How can I easily extract all I need from the string outputed by the script (a regexp or something), I need at the end an array holding the status followed by the exit status in the first entry (for example: OFF, ERROR2, WARNING1), and the variables in the next entries, for example:
@neededResultEx1 = ('OFF'); @neededResultEx2 = ('SUCCESS', 'abc'); @neededResultEx3 = ('ERROR1', '27', '11:03');
Anyone?

Replies are listed 'Best First'.
Re: String parsing
by Abigail-II (Bishop) on Jan 05, 2004 at 10:54 UTC
    #!/usr/bin/perl use strict; use warnings; $" = ", "; while (<DATA>) { /^(\w+)(?:[(](\d+)[)])?:?/g or next; my ($status, $exit) = ($1, $2); my (@vars) = /\G[^(]*[(]([^)]*)[)]/g; print "Status: $status; "; print "Exit: $exit; " if defined $exit; print "Variables [@vars]" if @vars; print "\n"; } __DATA__ OFF SUCCESS: (abc) ERROR(1): disk number (27) crashed at (11:03) WARNING(1): system is rebooting Status: OFF; Status: SUCCESS; Variables [abc] Status: ERROR; Exit: 1; Variables [27, 11:03] Status: WARNING; Exit: 1;

    Abigail

Re: String parsing
by Zaxo (Archbishop) on Jan 05, 2004 at 10:54 UTC

    Your data lines are different enough that each type needs its own parser. A hash of coderefs ("dispatch table") will do that nicely,

    my $parser = { OFF => sub {()}, SUCCESS => sub { local $_ = shift; /\((\w*)\)/ }, # call these in list context! ERROR1 => sub { local $_ = shift; /disk number \((\d+)\) at \((\d+:\d+)\)/; }, WARNING1 => sub { local $_ = shift; /(\w.*)^/; } }; sub parse_line { local $_ = shift; my ($key, $data) = split ':', $_, 2; $key =~ tr/()//d; ($key, $parser->{$key}->($data)); }
    parse_line() should be called in list context, too.

    After Compline,
    Zaxo

      Your data lines are different enough that each type needs its own parser.
      Uhm, no, as shown in several other replies.
      A hash of coderefs ("dispatch table") will do that nicely,
      Actually, your solution is very inflexible. It can't even deal with:
      WARNING(2): system is rebooting
      (only the exit value is different from the original).
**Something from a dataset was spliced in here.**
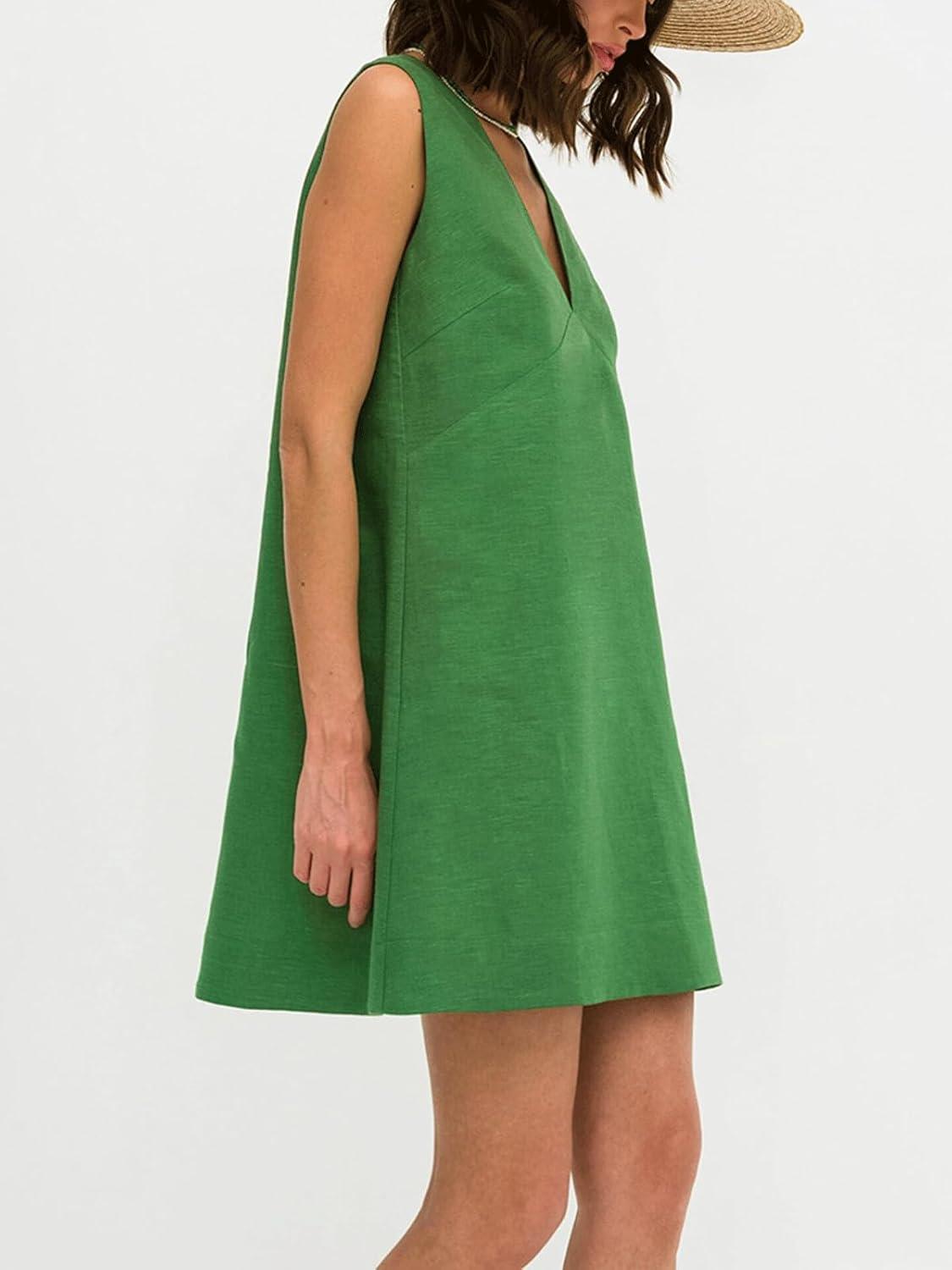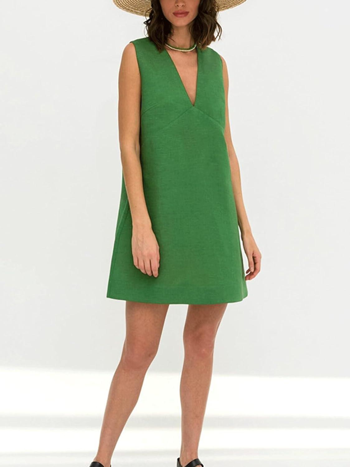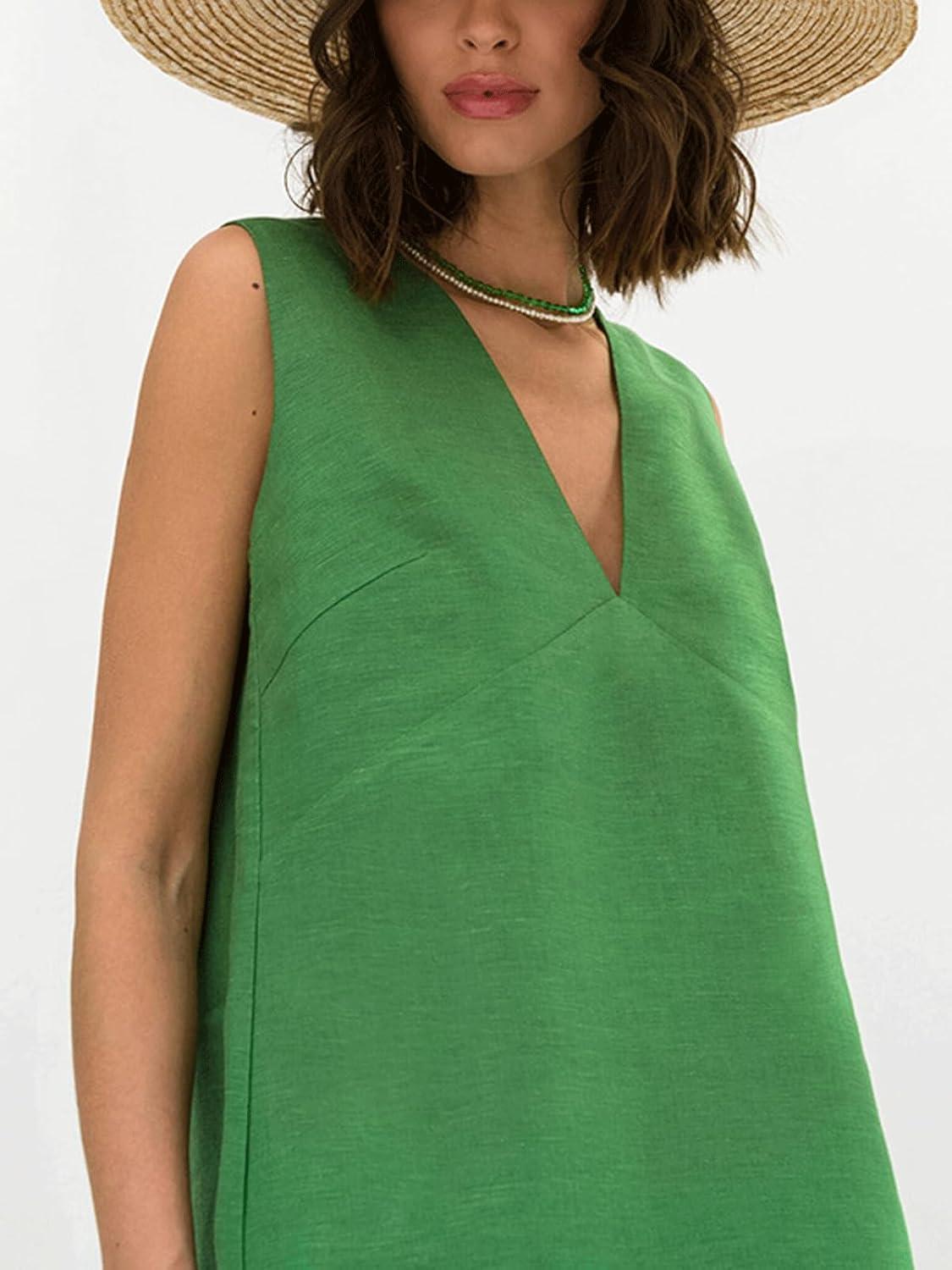 CHARTOU Womens Casual Vest Short Dress Cotton Linen V Neck Sleeveless A Line Mini Dress Loose Solid Sundress(Green)

It'll produce an error, as Perl will try to use an undefined value as a code reference.

      Abigail

Re: String parsing
by tachyon (Chancellor) on Jan 05, 2004 at 11:07 UTC

    Hard to do robustly with a regex

    while(<DATA>) { chomp; my ( @bits, $rest ); ( $bits[0], $rest ) = split ':', $_, 2; $bits[0] =~ tr/()//d; push @bits, ($rest =~ m!\(([^)]+)!g) if $rest; print "@bits\n"; } __DATA__ OFF SUCCESS: (abc) ERROR(1): disk number (27) crashed at (11:03) WARNING(1): system is rebooting

    Which gives you

    OFF SUCCESS abc ERROR1 27 11:03 WARNING1

    cheers

    tachyon

      Don't you just wish that repeat counts would repeat enclosed captures? Then you could use

      m[ ( ^ [^(:]+ ) (?: (?: \( ( \d+ ) \) )? : (?: .*? \( ( [^)]+ ) \) ){1,} .* )? $ ]x;
      to grab repetative elements instead of having to do (or rather not do) things with built in limits, like this.
      #! perl -slw use strict; while( <DATA> ) { chomp; my @bits = grep{ defined } m[ ( ^ [^(:]+ ) (?: (?: \( ( \d+ ) \) )? : (?: .*? \( ( [^)]+ ) \) (?: .*? \( ( [^)]+ ) \) (?: .*? \( ( [^)]+ ) \) (?: .*? \( ( [^)]+ ) \) )? )? )? )? .* )? $ ]x; print join'/', @bits; } =Output P:\test>junk OFF SUCCESS/abc ERROR/1/27/11:03 WARNING/1 TEST/255/this/that/the other/and this =cut __DATA__ OFF SUCCESS: (abc) ERROR(1): disk number (27) crashed at (11:03) WARNING(1): system is rebooting TEST(255): (this) (that) (the other) (and this) (but not this)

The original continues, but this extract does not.